Upregulation of proteinase-activated receptor-2 and increased response to trypsin in endothelial cells after exposure to oxidative stress in rat aortas.

Background/aims: The effects of oxidative stress on the vascular responsiveness to the agonists of proteinase-activated receptors (PARs) were investigated.

Methods: Serum-free incubation was utilized to impose oxidative stress to isolated rat aortas. Spontaneously hypertensive rats (SHR) were investigated as a model of in vivo oxidative stress.

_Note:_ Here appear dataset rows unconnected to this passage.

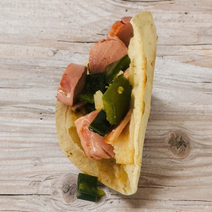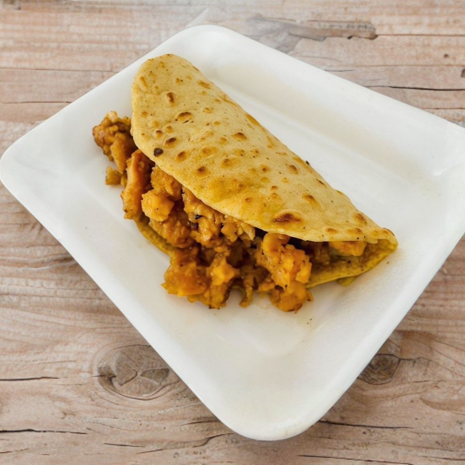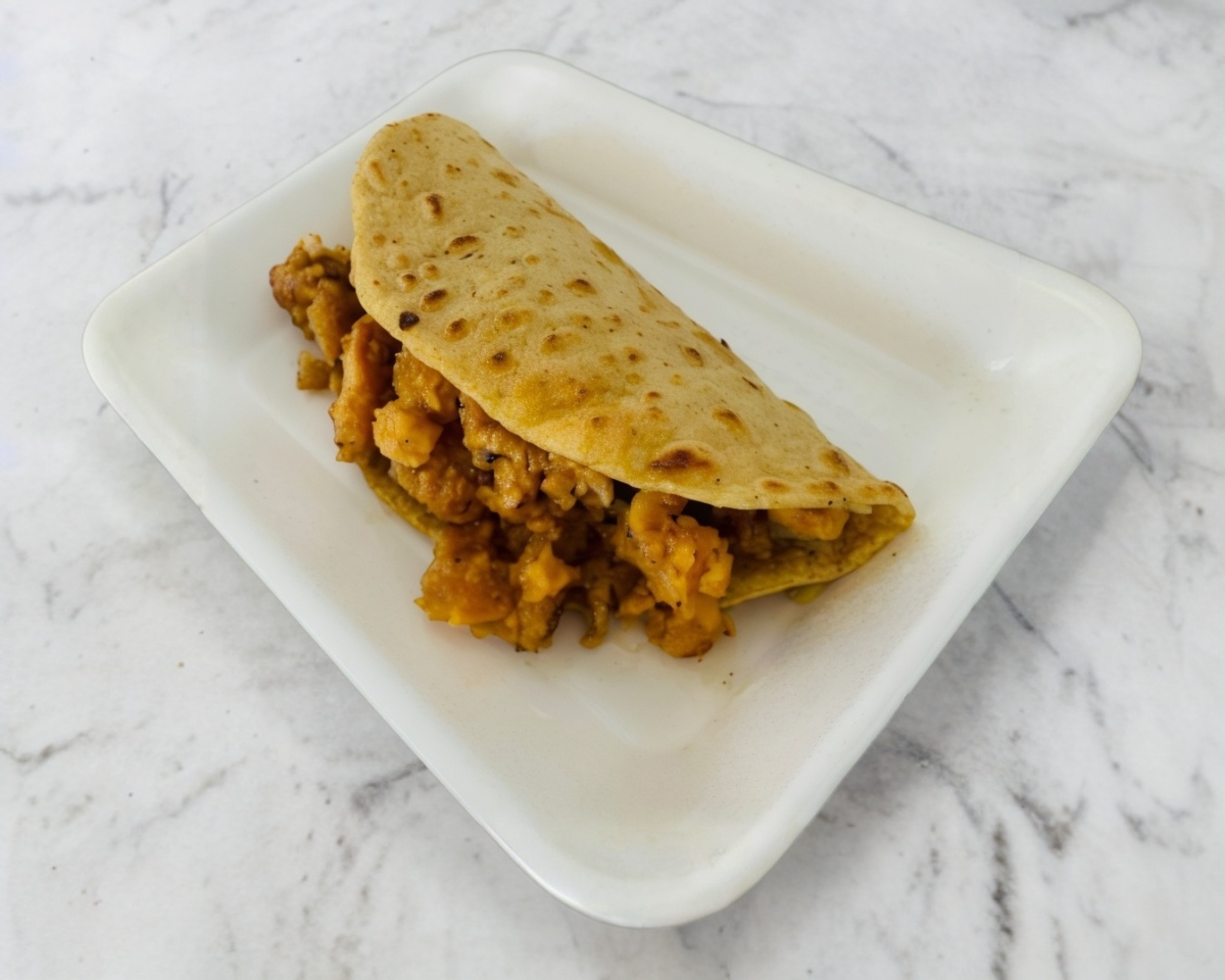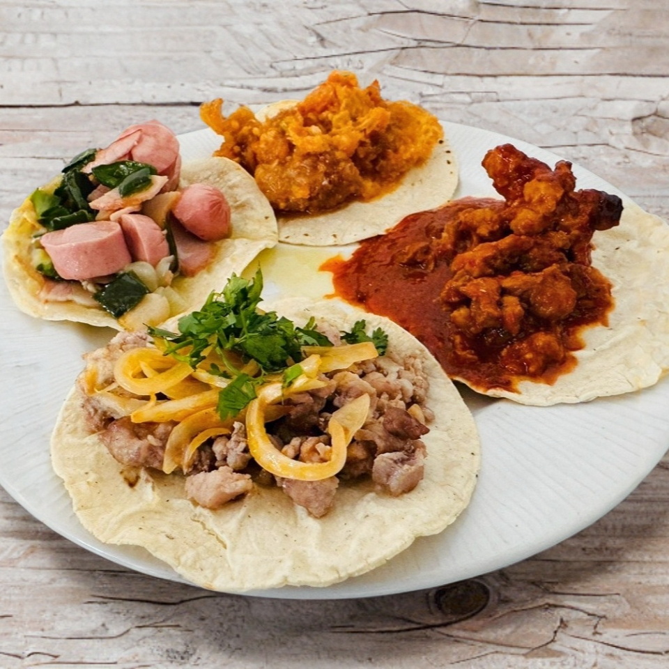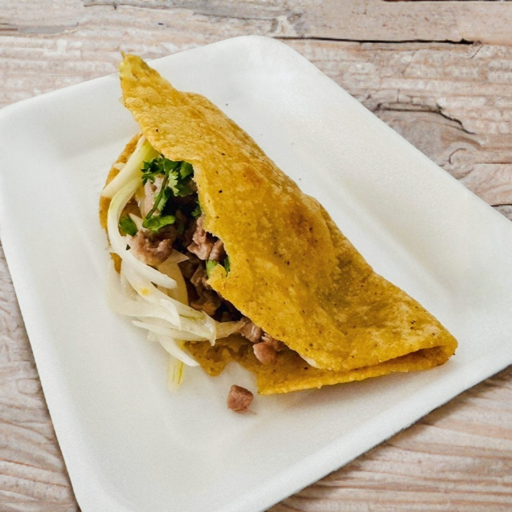 Delicioso taco, echo de masa de nixtamal dorada en manteca de puerco, queso asadero y hasta 2 guisados caseros premium
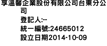 享溫馨企業股份有限公司台東分公司
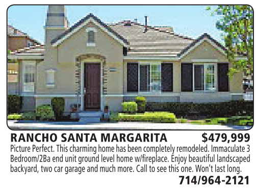 RANCHO SANTA MARGARITA $479,999 PicturePerfect.This charminghome hasbeencompletelyremodeled. Immaculate3 Bedroom/2Baend unit groundlevel home w/fireplace.Enjoy beautifullandscaped backyard,two cargarageand muchmore.Calltosee this one.Won’t last long. 714/964-2121 See also
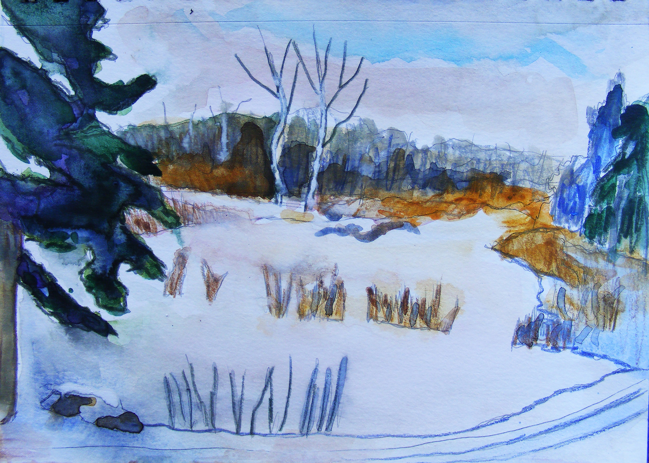 Here are some quick sketches I created between August 2021 and January 2022. Most of these were done outdoors before the weather turned bad, however, the Watercolour paintings at the top of the post were done in my studio. Recently, I have been doing more larger drawings, and my quick sketches have taken less priority. Therefore I did less of them then I normally would have in 6 months. All of these drawings were done as either watercolour paintings, or Faber Castel Pitt Pastel drawings.
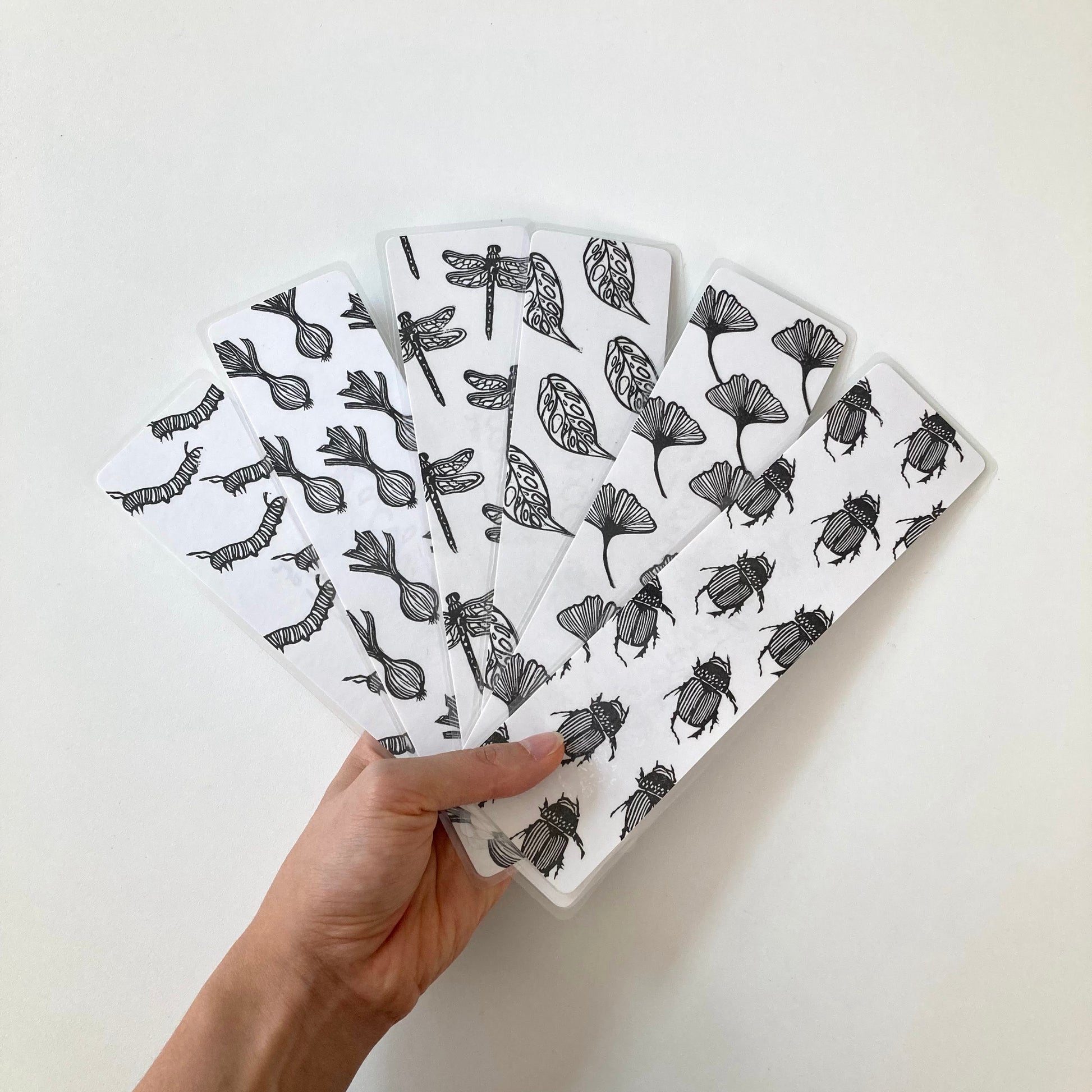Hand-printed, original bookmark covered in a protective plastic laminate. Each bookmark is unique, with no two exactly the same. Just under 2.5in wide, 8.75in long.
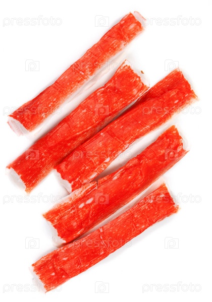 Крабовые палочки на белом фоне

Results: Thrombin, trypsin, PAR₁-activating peptide (PAR₁-AP), PAR₂-AP and PAR₄-AP induced little or no effect in the aortas of female Wistar-Kyoto rats (WKY). Serum-free incubation induced endothelium-dependent relaxant responses to PAR₂ agonists, but not PAR₁ or PAR₄ agonists, in a manner sensitive to diphenyleneiodonium or ascorbic acid. In male aortas, trypsin and PAR₂-AP induced a transient endothelium-dependent relaxation without serum-free incubation. The acetylcholine-induced endothelium-dependent relaxation and the sodium nitroprusside-induced endothelium-independent relaxation remained unchanged. Immunoblot analyses revealed the upregulation of PAR₂ in endothelial cells, which was abolished by either diphenyleneiodonium or ascorbic acid. Aortas of female SHR expressed a higher level of PAR₂ than WKY and responded to trypsin without serum-free incubation. Treatment with ascorbic acid attenuated the trypsin-induced relaxation and the PAR₂ expression in SHR.

Conclusion: This study provides the first evidence that oxidative stress upregulates PAR₂ in endothelial cells, thereby enhancing the endothelium-dependent relaxant response to PAR₂ agonists in rat aortas.